McGill University's position in Montréal creates a distinctive STEM environment: one of Canada's top research universities operating in a bilingual city that is simultaneously a North American technology hub and a European-influenced cultural center. The combination is more than aesthetic — it means that McGill's research programs connect to both the English-speaking Canadian STEM ecosystem and to French-language scientific communities in Europe, particularly France, Belgium, and Switzerland.

McGill's Women in Science and Engineering (WISE) club is active across engineering departments. The Faculty of Engineering's Equity, Diversity, and Inclusion office coordinates institutional programming. McGill's physics and chemistry departments have historically strong records of producing women who go on to doctoral programs — partly a function of the department cultures developed under a series of senior women faculty who served as visible role models and active mentors.

The NSERC Chairs for Women in Science and Engineering at McGill (and at Waterloo and Toronto) provide specifically funded faculty positions charged with working on women's participation at the institutional level — making the policy infrastructure visible in the form of specific named faculty whose mandate includes this work.

Additional Canadian Universities Worth Noting

UBC (University of British Columbia) in Vancouver combines strong engineering and sciences with the Pacific Rim connections that make it an interesting choice for women with Asia-Pacific research interests or career goals. The NSERC CWSE Chair at UBC has been particularly active in K-12 outreach. Queen's University, Western University, and Dalhousie each have active women's STEM organizations and participate in the national NSERC CWSE network.

The Canadian government's NSERC Canada Graduate Scholarships page provides current program information and application guidance. The University of Waterloo's Wikipedia article provides a broader overview of the institution's co-op model and engineering programs.
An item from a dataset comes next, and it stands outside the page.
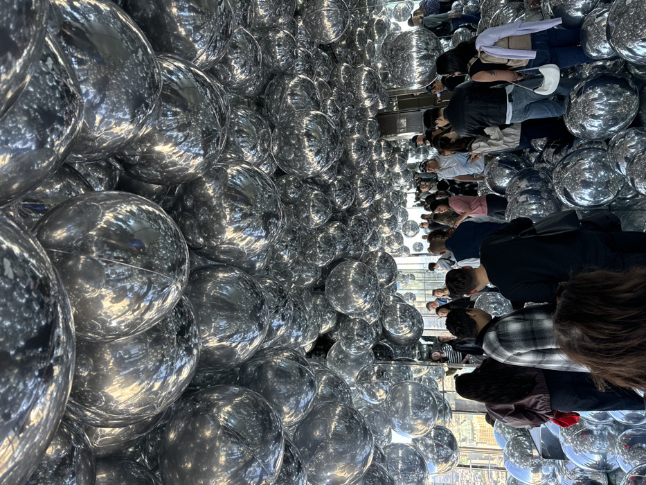 The image depicts the "Clouds" art installation at Summit One Vanderbilt in New York City, United States. The interior space is densely populated with hundreds of large, reflective silver spherical balloons or orbs, which cover both the ceiling and the floor, creating an immersive, multi-reflective environment. Approximately 20 to 30 individuals are visible throughout the installation, casually dressed, standing, walking, and observing the scene. Through large, clear windows on the left side of the frame, a high-rise urban landscape of New York City is discernible, with various buildings under a bright sky. The reflective surfaces of the spheres and surrounding elements multiply and distort reflections of the people and the external cityscape.

Frequently Asked Questions

What is the NSERC Canada Graduate Scholarship for women in STEM?

NSERC CGS provides $17,500/year (Master's, one year) or $35,000/year (Doctoral, three years) to Canadian students in natural science and engineering graduate programs. Women represent approximately 50–55% of CGS award holders, above their proportion of STEM doctoral enrollment. Applications are through the program's online portal via institutional nomination.

How does Waterloo's co-op model benefit women in engineering and CS?

Waterloo's co-op system provides 4–6 paid work terms (approximately 4 months each) integrated with academic terms throughout the undergraduate degree. For women, this provides employer-recognized industry experience before graduation, professional network development that is independent of demographic factors, and income that partially offsets educational costs. Waterloo co-op employers include the world's major technology companies and Canadian industry.

What is the Vanier Canada Graduate Scholarship?

Canada's most prestigious doctoral fellowship: $50,000/year for three years, open to all disciplines, for doctoral students demonstrating exceptional academic achievement and leadership potential. Applications are nominated by institutions and reviewed by NSERC, SSHRC, or CIHR depending on research area. Women appear among Vanier recipients at rates above their proportion of doctoral enrollment.

Are Canadian universities accessible to international women in STEM?

At the graduate level, yes — Canada's universities actively recruit international doctoral students, and the funding landscape includes some international-eligible scholarships. Tuition for international students is substantially higher than domestic rates; fully funded positions (from research grants) that cover international fees are available but competitive. Contact prospective supervisors directly about funded positions.

What is NSERC's Chairs for Women in Science and Engineering program?

The NSERC CWSE program funds chairs at Canadian universities charged with advancing women's participation in STEM at the institutional and national level. Chairs run programming, outreach, and advocacy and are explicitly mandated to work on increasing women's representation. The program operates across regional networks, with CWSE chairs at most Russell Group-equivalent Canadian research universities.